SECURITIES AND EXCHANGE COMMISSION

Washington, D.C. 20549

 

Form 8-K

 

CURRENT REPORT

PURSUANT TO SECTION 13 OR 15(d)

OF THE SECURITIES EXCHANGE ACT OF 1934

Date of report (date of earliest event reported): June 22, 2023

 

EXTREME NETWORKS, INC.

(Exact name of registrant as specified in its charter)

 

 

 

 

 

 

 

Delaware

000-25711

77-0430270

(State or other jurisdiction

of incorporation)

(Commission

File No.)

(I.R.S. Employer

Identification No.)

2121 RDU Center Drive, Suite 300

Morrisville, North Carolina 27560

(Address of principal executive offices)

Registrant's telephone number, including area code:

(408) 579-2800

 

Check the appropriate box below if the Form 8-K filing is intended to simultaneously satisfy the filing obligation of the registrant under any of the following provisions:

 

Written communications pursuant to Rule 425 under the Securities Act (17 CFR 230.425)

Soliciting material pursuant to Rule 14a-12 under the Exchange Act (17 CFR 240.14a-12)

Pre-commencement communications pursuant to Rule 14d-2(b) under the Exchange Act (17 CFR 240.14d-2(b))

Pre-commencement communications pursuant to Rule 13e-4(c) under the Exchange Act (17 CFR 240.13e-4(c))
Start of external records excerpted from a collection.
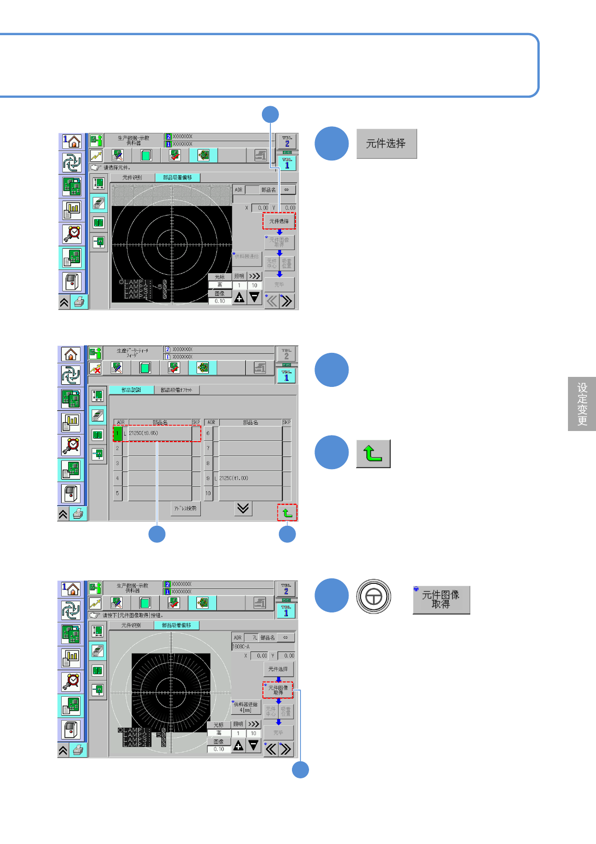 NPM-D3 EJM6DC-MB-06O-0 2 生产数据 校正 操作篇 6-2-6 6-2-6 -3 元件吸着偏移校正 2 6 6 7 7 5 5 请通过位置微调指定元件中心位置。 请通过刻度移动按钮指定实际吸附的 位置。 刻度移动按钮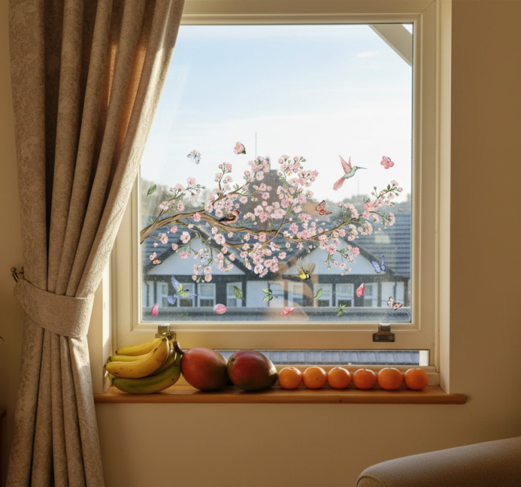 Reference: A53277Transform your space with our stunning Window sticker cherry blossom with birds. This exquisite design features delicate cherry blossoms intertwined with graceful birds, creating a serene and enchanting atmosphere. The vibrant colors and satin finish ensure that you can enjoy the beauty without any distracting glare. Made from high-quality materials, this sticker is easy to clean and offers a durable solution for your decorating needs.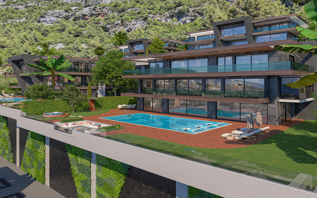 Комплекс расположен на возвышенности, благодаря чему из большинства квартир открываются впечатляющие виды на Средиземное море, историческую крепость Аланьи и Таврские горы, формируя особую атмосферу уединённости и статуса.
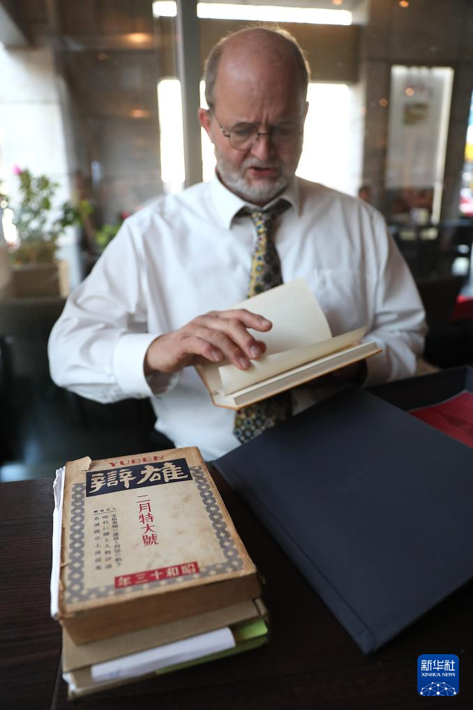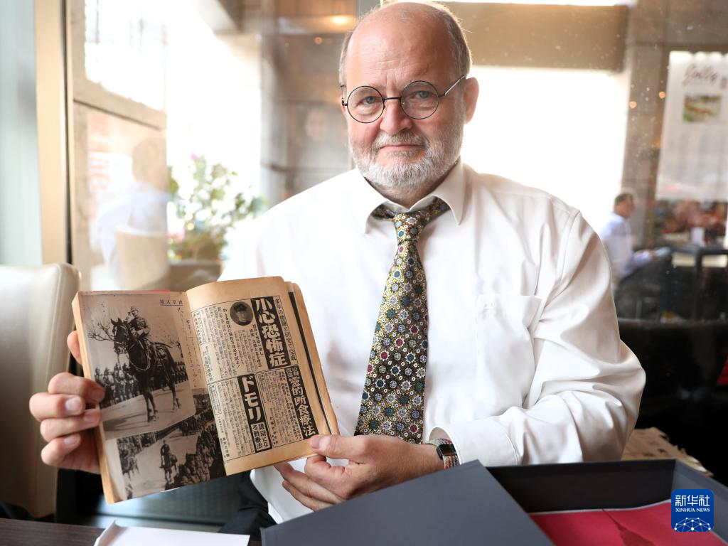8月7日,在德国柏林,国际友人约翰·拉贝的曾外孙克里斯托夫·赖因哈特展示自己收藏的南京大屠杀历史资料。新华社记者 杜哲宇 摄

Securities registered pursuant to Section 12(b) of the Act:

 

Title of each class

 

Trading

Symbol(s)

 

Name of each exchange on which registered

Common Stock

 

EXTR

 

NASDAQ Global Select Market

 

Indicate by check mark whether the registrant is an emerging growth company as defined in Rule 405 of the Securities Act of 1933 (§ 230.405 of this chapter) or Rule 12b-2 of the Securities Exchange Act of 1934 (§ 240.12b-2 of this chapter).

Emerging growth company

If an emerging growth company, indicate by check mark if the registrant has elected not to use the extended transition period for complying with any new or revised financial accounting standards provided pursuant to Section 13(a) of the Exchange Act.

 


Item 1.01

Credit Facility

 

On June 22, 2023, Extreme Networks, Inc., a Delaware corporation (“Extreme”) entered into a Second Amended and Restated Credit Agreement (the “Credit Agreement”), by and among Extreme, as borrower, BMO Harris Bank, N.A., as an issuing lender and swingline lender, Bank of America, N.A., JPMorgan Chase Bank, N.A., PNC Bank, National Association and Wells Fargo Bank, National Association, as issuing lenders, the financial institutions or entities party thereto as lenders, and Bank of Montreal, as administrative agent and collateral agent. The Credit Agreement amends and restates the Amended and Restated Credit Agreement, dated as of August 9, 2019 (as amended), by and among Extreme, as borrower, BMO Harris Bank, N.A., as an issuing lender and swingline lender, Silicon Valley Bank, as an issuing lender, the lenders party thereto, and Bank of Montreal, as administrative agent and collateral agent.

 

The Credit Agreement provides for a 5-year first lien term loan facility in an aggregate principal amount of $200 million (the “Term Facility”) and a 5-year revolving loan facility in an aggregate principal amount of $150 million (the “Revolving Facility” and together with the Term Facility, the “Facilities”). In addition, Extreme may request incremental term loans and/or incremental revolving loan commitments in an aggregate amount not to exceed the sum of $100 million plus an unlimited amount that is subject to pro forma compliance with a specified Consolidated Leverage Ratio. Extreme may use the proceeds of the loans for working capital and general corporate purposes.

 

At Extreme’s election, the initial term loan (the “Initial Term Loan”) under the Credit Agreement may be made as either a base rate loan or a SOFR loan. The applicable margin for base rate loans ranges from 1.00% to 1.75% per annum, and the applicable margin for SOFR loans ranges from 2.00% to 2.75%, in each case based on Extreme’s Consolidated Leverage Ratio. All SOFR loans are subject to a floor of 0.00% per annum and spread adjustment of 0.10% per annum. Extreme also agrees to pay other closing fees, arrangement fees, and administration fees.

 

The commitments under the Credit Agreement will terminate, and all outstanding amounts thereunder will be due and payable, on the earliest of (x) June 22, 2028, (y) the date of termination of the commitments by Extreme and (z) in connection with an exercise of remedies after the occurrence of an event of default. Extreme may prepay the Initial Term Loan, in whole or in part, at any time without premium or penalty, subject to certain conditions, and amounts repaid or prepaid may not be reborrowed.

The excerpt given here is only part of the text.